* What needs to be done: Write out each record below exactly, without pictures.

* Data for this exercise:
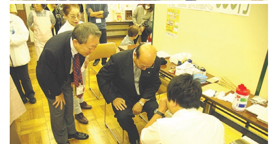
大田区生活展で骨密度測定
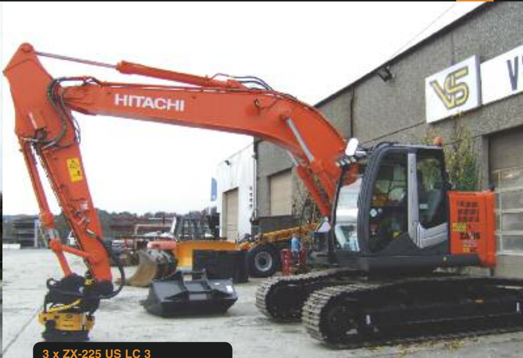
3 x ZX-225 US LC 3
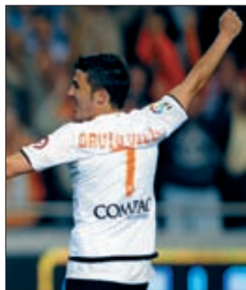
Villa y el Valencia vuelven a reir

tuvo su reflejo en el terreno de juego, donde los futbolistas eran una sombra de lo que habían sido. Algo natural, ya que, como todo trabajador, los jugadores necesitan cobrar sus salarios a tiempo para rendir al máximo. El tridente formado por Villa, Mata y Silva es temible, aunque el canario no jugará.
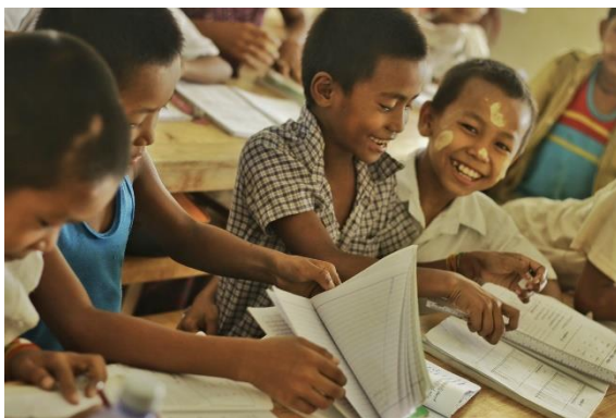
Landsbyen Pan Hpe Chaung i Myanmar fikk i år ny barneskole med nye møbler og skolemateriell.
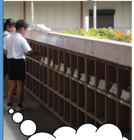
毎日給食の配膳時間を使って靴箱の整理整頓（全校） 室小B
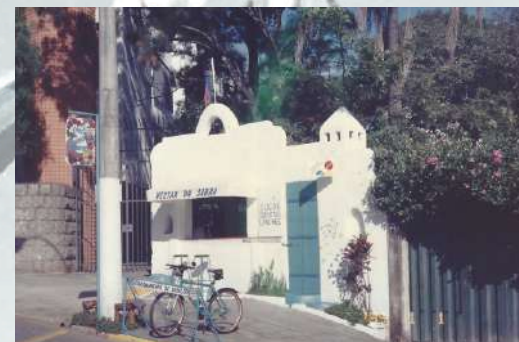
Primeira unidade Néctar, no bairro Serra, em 1993.

Numa pequena loja da avenida Bandeirantes nasceu uma grande ideia: Produzir alimentos leves, naturais e saudáveis.
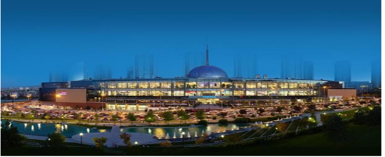
----- PANORA Alışveriş ve Yaşam Merkezi Oran-Çankaya/ANKARA -----

Şirketimiz portföyünde tek gayrimenkul olarak 2007 yılında tamamlanarak faaliyete geçen PANORA Alışveriş ve Yaşam Merkezi bulunmaktadır. Gayrimenkule ilişkin bilgi ve görseller aşağıda sunulmuştur.
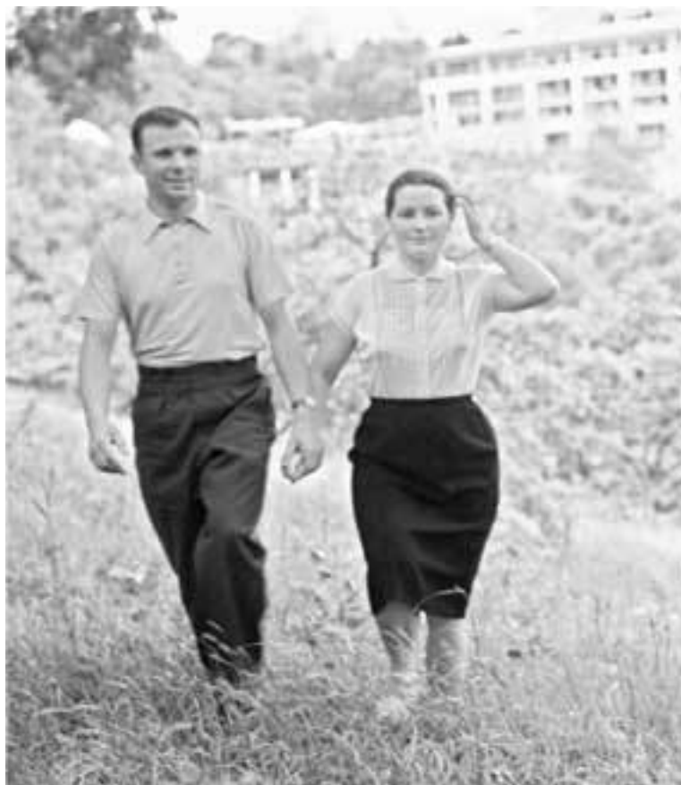
Первый в мире космонавт Ю. Гагарин с женой Валентиной на отдыхе

Пальто демисезонное. Пальто легкое летнее. Плащ. Костюмы – 2 (светлый и темный). Обувь – 2 пары (черные и светлые). Рубашки белые – 6 штук. Шляпы – 2. Носки – 6 пар. Белье нижнее шелковое – 6 пар. Трусы, майки – 6 пар. Платки носовые – 12 штук. Галстуки – 6 шт. Перчатки – 1 пара. Электробритва – 1. Два комплекта военного обмундирования (парадное и повседневное). Чемоданы – 2».
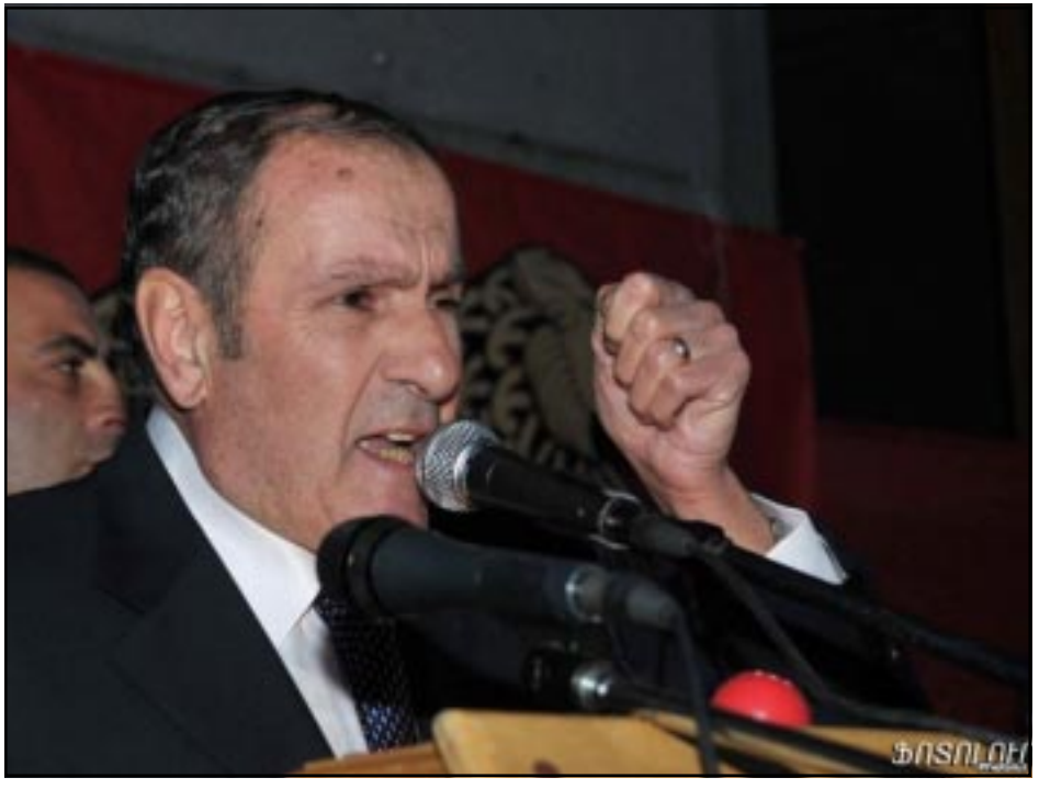
Լեւոն Տէր-Պետրոսեան ելոյթ կ'ունենայ հանրահաւաքի մը ընթացքին

«Ազատութիւն» ռադիոկայանի հարցազրոյցը Հայ ազգային կոնգրէսի առաջնորդ Լեւոն Տէր-Պետրոսեանի հետ:
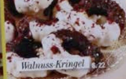
Walnuss-Kringel S. 22
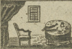
Furbang Seslaf Sessel. Gute Perce. edel-gesteine. 71
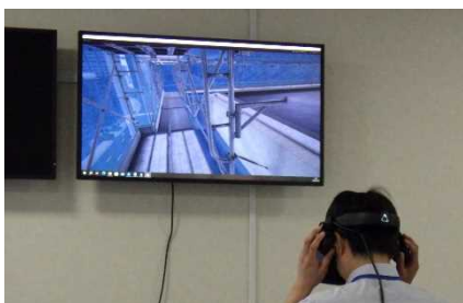
< 実習 : VR体験 >
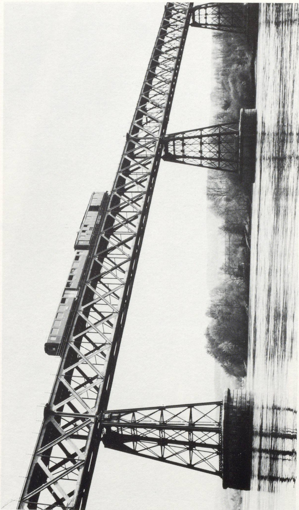
Bild 1 SBB-Linie Etzwillen-Singen. Personenzug auf der Rheinbrücke bei Hemishofen am 22. April 1968.
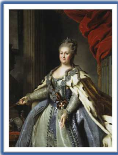
Catalina II de Rusia.
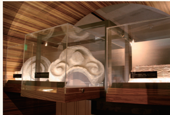
第一展區「遇見台南州廳」中展出台文館建築元件。
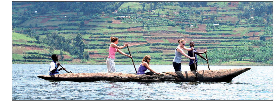
TØMMERSTOKK: En dag padlet elevene fra Strand i en uthulet tømmerstokk. Innsjøen Lake Bunyonyi er eneste vann i Uganda som er fritt for tropeparasitten Bilharzia, også uten krokodiller og flodhest!

– Vi har det så utrolig godt hjemme i Norge. Der nede kaver de for alt vi tar for en selvfølge. Heretter skal maten spises opp og ikke hives, lover hun.

* Completed task:
大田区生活展で骨密度測定
3 x ZX-225 US LC 3
Villa y el Valencia vuelven a reir

tuvo su reflejo en el terreno de juego, donde los futbolistas eran una sombra de lo que habían sido. Algo natural, ya que, como todo trabajador, los jugadores necesitan cobrar sus salarios a tiempo para rendir al máximo. El tridente formado por Villa, Mata y Silva es temible, aunque el canario no jugará.
Landsbyen Pan Hpe Chaung i Myanmar fikk i år ny barneskole med nye møbler og skolemateriell.
毎日給食の配膳時間を使って靴箱の整理整頓（全校） 室小B
Primeira unidade Néctar, no bairro Serra, em 1993.

Numa pequena loja da avenida Bandeirantes nasceu uma grande ideia: Produzir alimentos leves, naturais e saudáveis.
----- PANORA Alışveriş ve Yaşam Merkezi Oran-Çankaya/ANKARA -----

Şirketimiz portföyünde tek gayrimenkul olarak 2007 yılında tamamlanarak faaliyete geçen PANORA Alışveriş ve Yaşam Merkezi bulunmaktadır. Gayrimenkule ilişkin bilgi ve görseller aşağıda sunulmuştur.
Первый в мире космонавт Ю. Гагарин с женой Валентиной на отдыхе

Пальто демисезонное. Пальто легкое летнее. Плащ. Костюмы – 2 (светлый и темный). Обувь – 2 пары (черные и светлые). Рубашки белые – 6 штук. Шляпы – 2. Носки – 6 пар. Белье нижнее шелковое – 6 пар. Трусы, майки – 6 пар. Платки носовые – 12 штук. Галстуки – 6 шт. Перчатки – 1 пара. Электробритва – 1. Два комплекта военного обмундирования (парадное и повседневное). Чемоданы – 2».
Լեւոն Տէր-Պետրոսեան ելոյթ կ'ունենայ հանրահաւաքի մը ընթացքին

«Ազատութիւն» ռադիոկայանի հարցազրոյցը Հայ ազգային կոնգրէսի առաջնորդ Լեւոն Տէր-Պետրոսեանի հետ:
Walnuss-Kringel S. 22
Furbang Seslaf Sessel. Gute Perce. edel-gesteine. 71
< 実習 : VR体験 >
Bild 1 SBB-Linie Etzwillen-Singen. Personenzug auf der Rheinbrücke bei Hemishofen am 22. April 1968.
Catalina II de Rusia.
第一展區「遇見台南州廳」中展出台文館建築元件。
TØMMERSTOKK: En dag padlet elevene fra Strand i en uthulet tømmerstokk. Innsjøen Lake Bunyonyi er eneste vann i Uganda som er fritt for tropeparasitten Bilharzia, også uten krokodiller og flodhest!

– Vi har det så utrolig godt hjemme i Norge. Der nede kaver de for alt vi tar for en selvfølge. Heretter skal maten spises opp og ikke hives, lover hun.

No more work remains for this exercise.